— Конечно, только погоди немного, я чую, за нами следят.
— Никого нет, Нито.
— Вот именно, болван.
— Не спеши, Нито, давай постоим немного тут. Я должен разобраться, что происходит, разве ты не видишь, что...
— Гляди, — сказал Нито; и правда, дверь, мимо которой мы только что прошли, теперь была распахнута настежь, и за ней виднелась форма Фьори. Не было никакой причины подчиняться Фьори, надо было вернуться назад, подойти к нему и толкнуть его, как тысячи раз мы толкали друг друга в шутку или всерьез на переменах.
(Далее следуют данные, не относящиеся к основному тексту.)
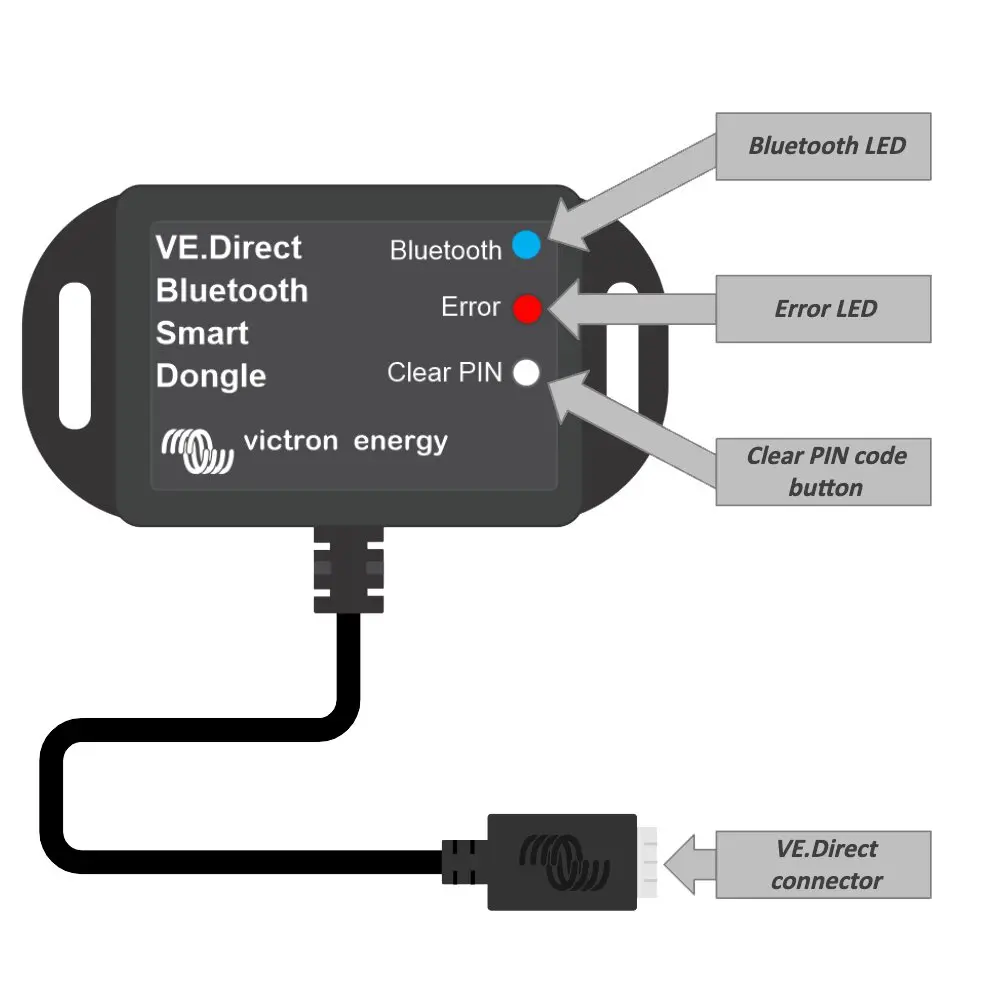 The VE.Direct Bluetooth Smart Dongle connects to a non-Bluetooth enabled VE.Direct Victron product, which can then be accessed via Bluetooth using the VictronConnect app to facilitate monitoring, setup and firmware updates.

И не было причины идти дальше по коридору к двум закрытым дверям, одна прямо перед нами, а другая — сбоку, и незачем было Нито лезть в одну из них и слишком поздно понять, что меня нет рядом, что я как дурак сунулся почему-то в другую, то ли по ошибке, то ли желая характер показать. И уже не повернешься и не выйдешь, комната залита фиолетовым светом, и все лица обращены к тому, на что и он уставился тотчас же, едва вошел: аквариум посреди комнаты, прозрачный, почти до самого потолка куб, и такой огромный, что едва оставалось место для тех, кто припал к его стеклу и смотрел в зеленоватую воду, рыбы медленно скользили, а в комнате стояла такая тишина, как будто это не комната, а тоже аквариум с окаменевшими мужчинами и женщинами (это были мужчины, но они были женщинами), прилипшими к стеклу; и тут-то Нито обернулся, тут-то и подумал, ну где же он, этот мерзавец Тото, куда подевался, болван, и хотел уже повернуться и выскочить назад, да зачем, ведь ничего не происходит, и застыл на месте, как остальные, и смотрел на них, разглядывающих рыб, и узнавал одного за другим: Мутиса, Борова-Делусиа и остальных из шестого гуманитарного, задаваясь вопросом, почему они, а не другие, как уже спрашивал себя, почему такие, как Рагуззи, и Фьори, и Морейра, почему именно те, которые не были нам друзьями днем, почему все это странное дерьмо, именно они, а не Лайнес, или Делич, или кто-нибудь еще из наших товарищей, с которыми мы часто говорили, бродили, строили планы, и почему, в таком случае, Тото и он оказались среди этих других, хотя, конечно, сами виноваты, полезли в школу ночью, и эта вина повязала их со всеми теми, кого днем они терпеть не могли, с отборными сукиными детьми, не говоря уже о Хромом, о сухаре Ириарте и сеньорите Маджи, и она тоже здесь, единственная взаправдашняя женщина среди всех этих подонков, этого отребья.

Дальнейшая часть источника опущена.